Filenews 10 April 2023
By Bobby Ghosh
As Turkey's election campaign enters its final phase, a group of opponents is determined to dash Recep Tayyip Erdogan's hopes of extending his political dominance for a third decade. On May 14, voters will essentially choose between an increasingly authoritarian president and a square of opposition leaders committed not only to defeating the country's strongman, but also to limiting the powers of any future president.
Square
The main opposition candidate for the presidency is Republican People's Party (CHP) leader Kemal Kilicdaroglu, a veteran politician who conspicuously lacks political charisma. He is supported by three figures who have this element in abundance: the head of the IYI ("Good Party") Party, Meral Aksener, and the popular mayors of Ankara and Istanbul, Mansour Yavas and Ekrem Imamoglu.
This collective represents the strongest challenge Erdogan has ever faced, and comes as the president and his long-dominant Justice and Development Party (AKP) are particularly vulnerable. There is widespread discontent with the dismal state of the economy and anger at the government's inadequate response to the twin earthquakes that devastated southeastern Turkey in early February.
Opinion polls show the opposition coalition, known as the Nation Alliance, ahead of the AKP-led People's Alliance. Among those betting on the outcome, foreign and bond traders are showing signs of optimism that the Erdogan era may be about to end.
What would take his place? The only safe prediction is that there will be a change of tone at the top. While Erdogan is known for his combative and quarrelsome speech, Kilicdaroglu has been likened to Mohandas Gandhi because he is extremely calm — there is even a slight physical resemblance between them.
To keep his allies on his side, however, Kilicdaroglu will be required to possess the leadership skills of another historical figure: Abraham Lincoln. Like the group of opponents that the U.S. president assembled alongside him during the Civil War, the four Turkish leaders of the anti-Erdogan front are far from being heartfelt friends: each had hopes of becoming Turkey's president.
The weakening of the office of President
Ironically, they are now collectively committed to weakening the office of head of state. Perhaps the most important promise in the opposition's common platform is a return to a presidential parliamentary form of government, reversing the transition to presidential democracy that Erdogan achieved after a referendum in 2017.
It's a promise they may not be able to keep. To radically change the constitution, Kilicdaroglu would need to win the presidency of the republic and at the same time the Alliance of the Nation would need to win a three-fifths majority, or 360 of the 600 seats in parliament. That doesn't seem very likely. A simple majority (at least 301 out of 600 seats) would be enough to call a new referendum, but Erdogan and the AKP would fight against such a plan tooth and nail.
However, if he won the presidency, Kilicdaroglu could voluntarily relinquish some of the powers Erdogan has amassed and strengthen institutions that Erdogan has weakened. A good start would be to restore the independence of Turkey's central bank, which in recent years has come under increasing scrutiny from the presidential palace. Monetary policy has been forced to submit to Erdogan's quixotic ideas about interest rates, leading to high inflation, a plunging currency and a loss of investor confidence in the Turkish economy.
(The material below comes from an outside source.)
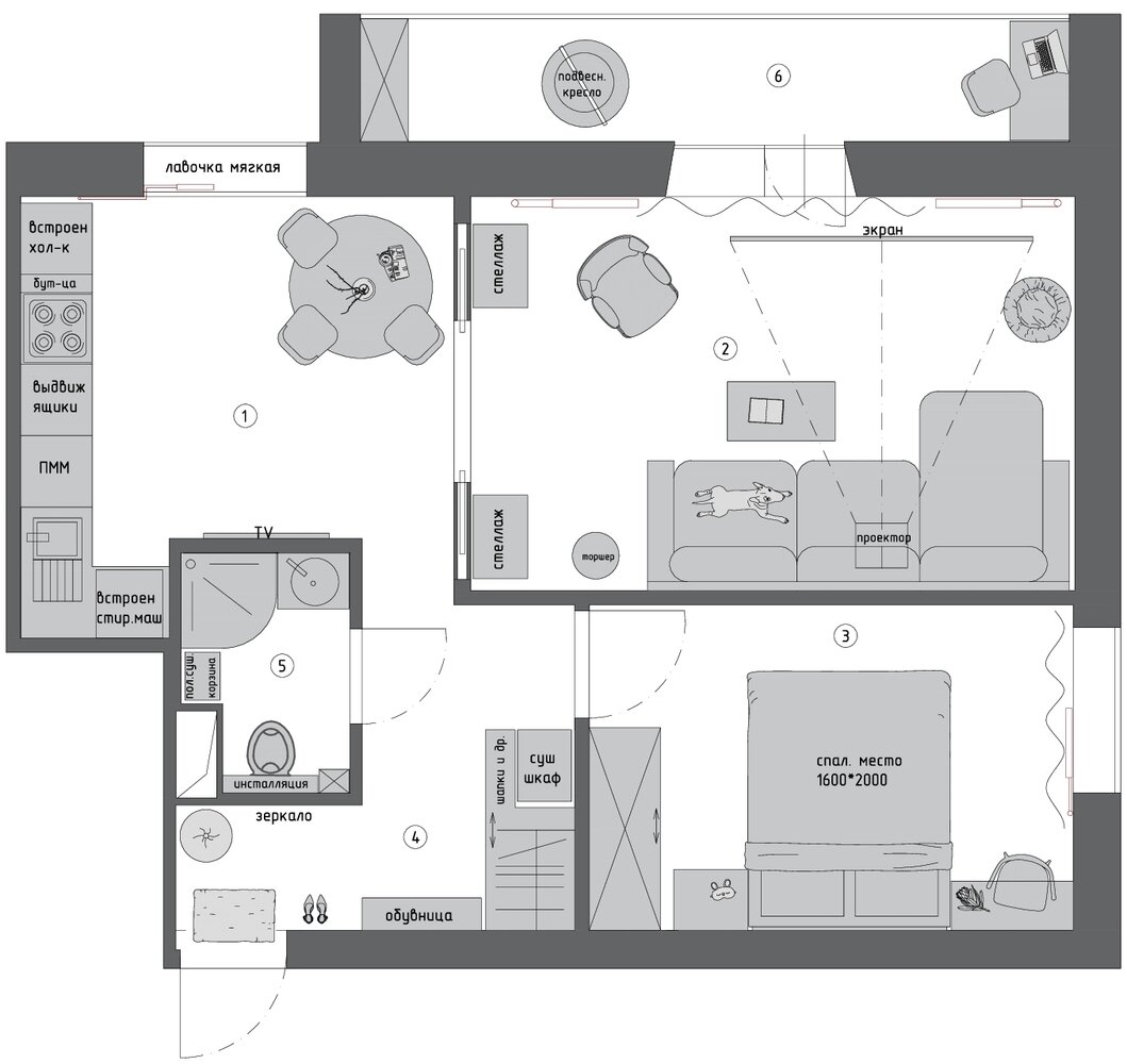 Фотография: Планировки в стиле , Современный, Квартира, Проект недели, Москва, 2 комнаты, 40-60 метров, Евгения Акимова – фото на INMYROOM
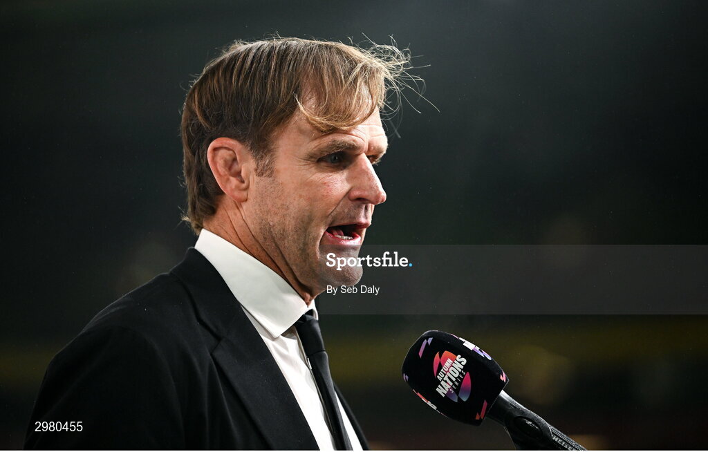 8 November 2024; New Zealand head coach Scott Robertson is interviewed before the Autumn Nations Series match between Ireland and New Zealand at the Aviva Stadium in Dublin. Photo by Seb Daly/Sportsfile

Over the past five years, foreign investors have pulled more than $60 billion out of bond and equity markets and reduced their holdings of lira assets to their lowest level on record. Foreign holdings of lira-denominated bonds fell to $1.2 billion last month from $72 billion in 2013, according to data from Turkey's central bank. Foreign share ownership fell to 29 percent from an all-time average of 61 percent, according to official data.
An autonomous central bank is vital for a thorough reform of the Turkish economy, which all opposition parties recognize as necessary. "The current system is unsustainable," Bilge Yilmaz, an economics professor at the Wharton School at the University of Pennsylvania and a policy adviser to Aksener, told Bloomberg News. Yilmaz is expected to have a top role in the economic staff if the opposition wins.
Divisions
Of course, not all the challenges that await Kilicdaroglu (if elected president) would be related to Erdogan's legacy. Some would come from the ambitions and agendas of his group of allies.
The four differ on political ideology: Kilicdaroglu and İmamoğlu are social democrats, Akşener is a nationalist, and Yavas has moved from the second camp to the first. Aksener, hailed by her supporters as a "wolf", poses a constant danger: only in early March, she broke away from the alliance, only to return at the urging of the other partners to the opposition table. The two mayors are likely to succeed Kilicdaroglu as CHP leader.
If Kilicdaroglu does win, the other three are expected to become Turkey's vice presidents — in an unusual, unstable structure for any government. Managing them could be just as difficult as undoing Erdogan's legacy.
Perhaps Kilicdaroglu should start reading Doris Kearns Goodwin's Pulitzer Prize-winning account of Lincoln's presidency right away.